■ Work required: Retype the material that follows exactly, limited to the lines from the one with "10/50X Laser Cut" through the one with "- Available in", and keep out all pictures.

■ Data for review:
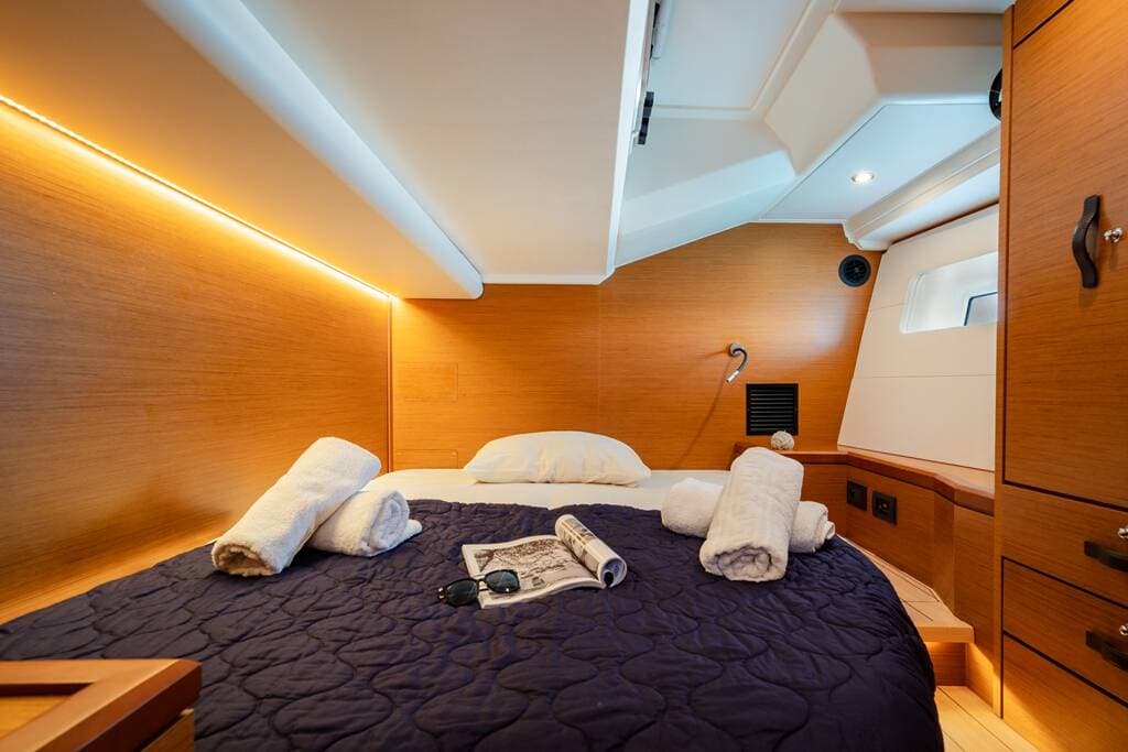 - DeckBimini topCockpit tableCockpit/stern, outside showerDinghyElectric anchor windlassHydraulic gangwayOutboard engineSprayhoodSwimming ladder
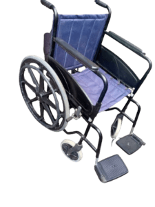 - A sturdy, lightweight steel wheelchair with footrests and padded seating. Folds easily for transport. Ideal for daily mobility for elderly patients or those recovering from injury or surgery.
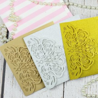10/50X Laser Cut Wedding Invitations Card Glitter Pearl Card Insert Envelope
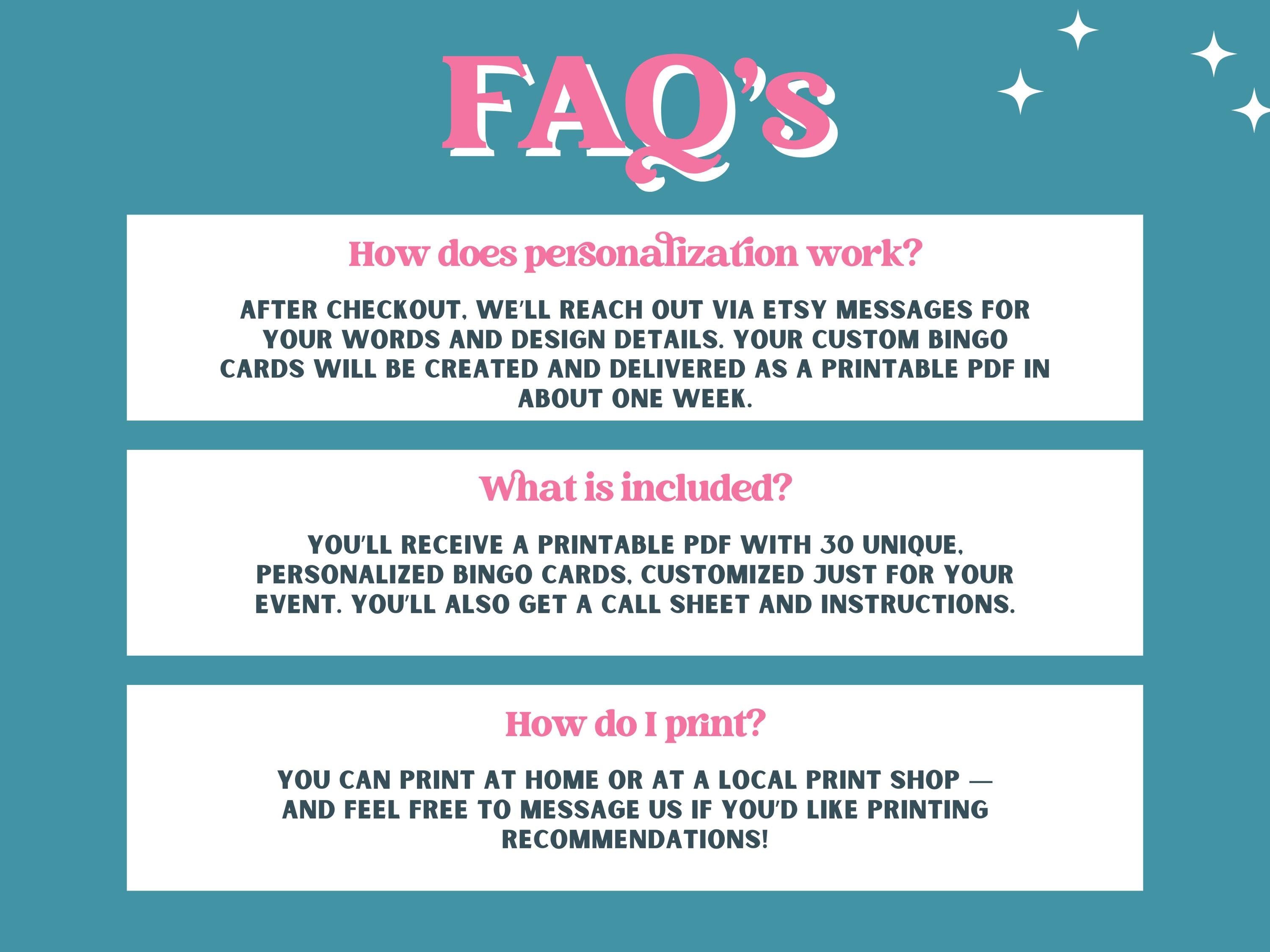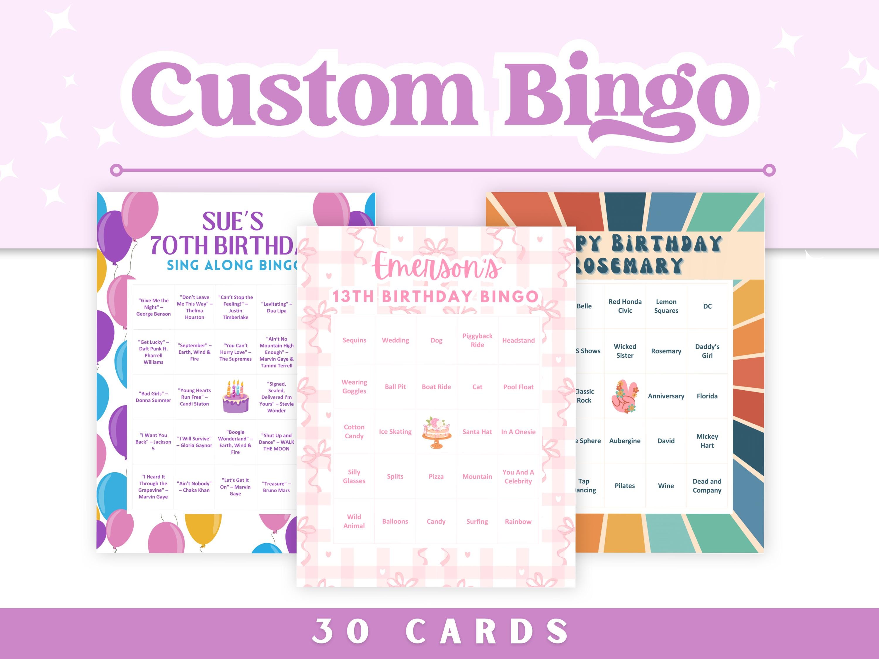 Custom Bingo Cards | Set of 30 Digital Download Bingo Cards
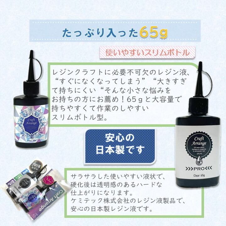 「クラフトアレンジ UVレジン液 65g 3本」 スリムボトル アクセサリー レジン液 レジン 大容量 スリムボトル 保存に便利 ハンドメイド デコレーション コーディング ハンドメイド クラフトアレンジUVレジン液 大容量 レジン液 65g スリムボトル ケミテック
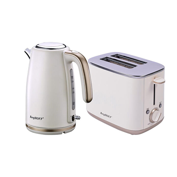 Berghoff Gem Pearl 1.7 Li̇tre Vani̇lya Krem Rengi̇ Gold Modern Su Isitici + Berghoff Gem Pearl Vani̇lya Krem Rengi̇ İki̇ Di̇li̇m Ekmek Kizartma Maki̇nesi̇ Set
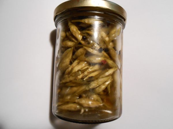ma contribution: pour cette année, boutons de fleurs d'ail des ours, vinaigre balsamique blanc, cinq baies, romarin, laurier, et une pointe de sucre, attendre un mois environ
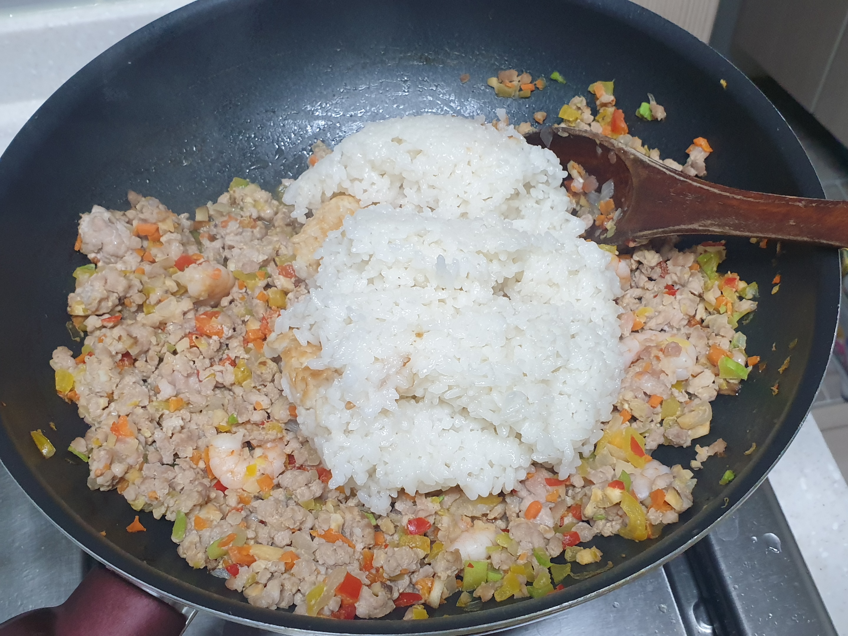 3) 마지막으로 밥을 넣고 볶아줍니다.
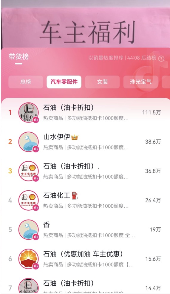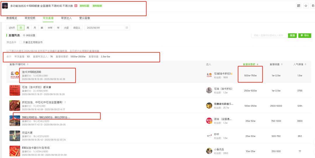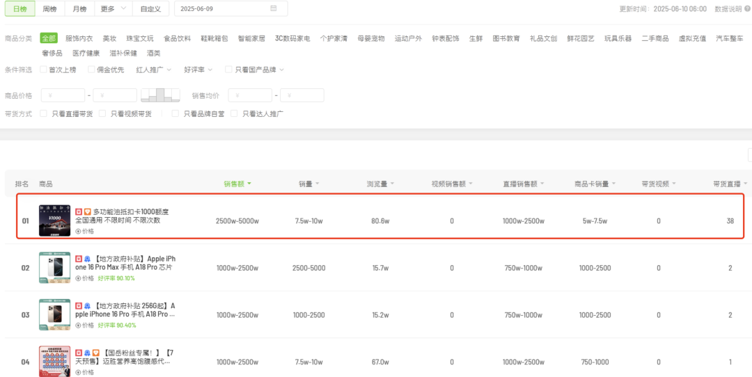 飞瓜数据显示,6月9日一条“多功能油抵扣卡1000额度”的商品链接销售额为2500万~5000万元,登顶平台全品类商品销售榜首,甚至超越了iPhone 16 Pro Max等热门数码产品。
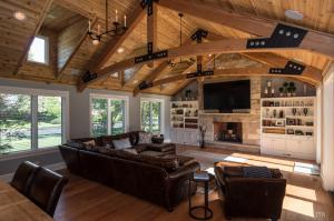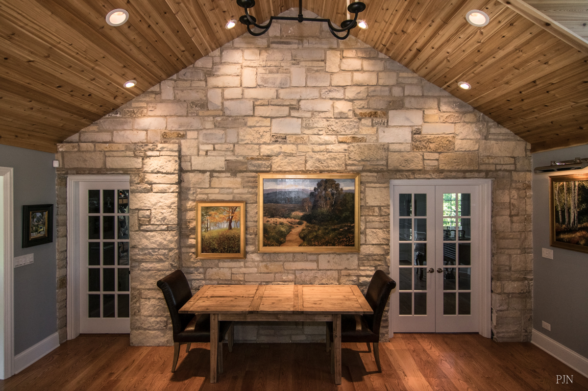 A large fireplace was the focal point at the end of the addition, which was designed to be wide enough and tall enough that the 90" TV would blend in seamlessly. Structural wood trusses were incorporated as a feature of the vaulted ceiling. The steel connections on the wood were painted black to accent structural integrity. Meanwhile, the exterior was completed with sourced stone out of Wisconsin that matched the existing stone. Gabled-end dormers were incorporated, trimmed and painted to match the existing dormers on the house ensuring the exterior components blend seamlessly with the existing characteristics of the house.
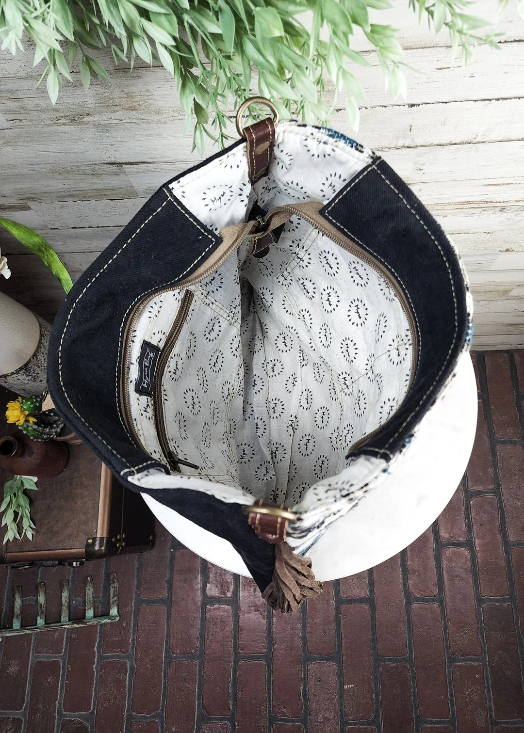 - Available in a stunning blue color, the Myra Oak Aztec Fringe Handbag is versatile and complements a wide range of styles. Perfect for casual outings, travel, or special events.
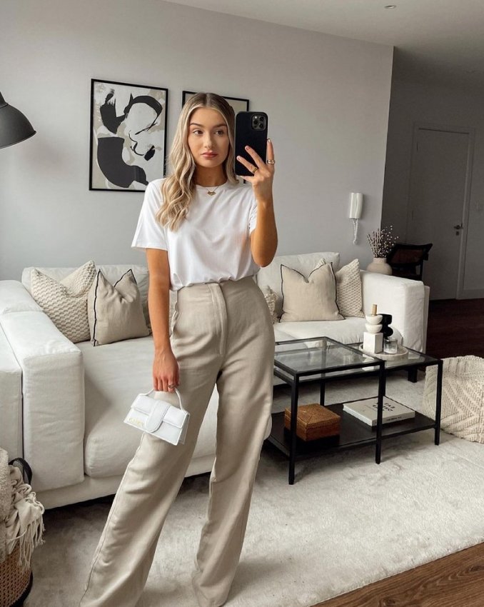 Актуальными будут разные фасоны футболок, выбирайте ту модель, в которой Вам комфортнее. Это могут быть футболки оверсайз или приталенные, модели поло и удлиненные, с небольшими рисунками и надписями в стиле минимализм.

■ Solution to the exercise:
10/50X Laser Cut Wedding Invitations Card Glitter Pearl Card Insert Envelope
 Custom Bingo Cards | Set of 30 Digital Download Bingo Cards
 「クラフトアレンジ UVレジン液 65g 3本」 スリムボトル アクセサリー レジン液 レジン 大容量 スリムボトル 保存に便利 ハンドメイド デコレーション コーディング ハンドメイド クラフトアレンジUVレジン液 大容量 レジン液 65g スリムボトル ケミテック
 Berghoff Gem Pearl 1.7 Li̇tre Vani̇lya Krem Rengi̇ Gold Modern Su Isitici + Berghoff Gem Pearl Vani̇lya Krem Rengi̇ İki̇ Di̇li̇m Ekmek Kizartma Maki̇nesi̇ Set
ma contribution: pour cette année, boutons de fleurs d'ail des ours, vinaigre balsamique blanc, cinq baies, romarin, laurier, et une pointe de sucre, attendre un mois environ
 3) 마지막으로 밥을 넣고 볶아줍니다.
 飞瓜数据显示,6月9日一条“多功能油抵扣卡1000额度”的商品链接销售额为2500万~5000万元,登顶平台全品类商品销售榜首,甚至超越了iPhone 16 Pro Max等热门数码产品。
 A large fireplace was the focal point at the end of the addition, which was designed to be wide enough and tall enough that the 90" TV would blend in seamlessly. Structural wood trusses were incorporated as a feature of the vaulted ceiling. The steel connections on the wood were painted black to accent structural integrity. Meanwhile, the exterior was completed with sourced stone out of Wisconsin that matched the existing stone. Gabled-end dormers were incorporated, trimmed and painted to match the existing dormers on the house ensuring the exterior components blend seamlessly with the existing characteristics of the house.
 - Available in a stunning blue color, the Myra Oak Aztec Fringe Handbag is versatile and complements a wide range of styles. Perfect for casual outings, travel, or special events.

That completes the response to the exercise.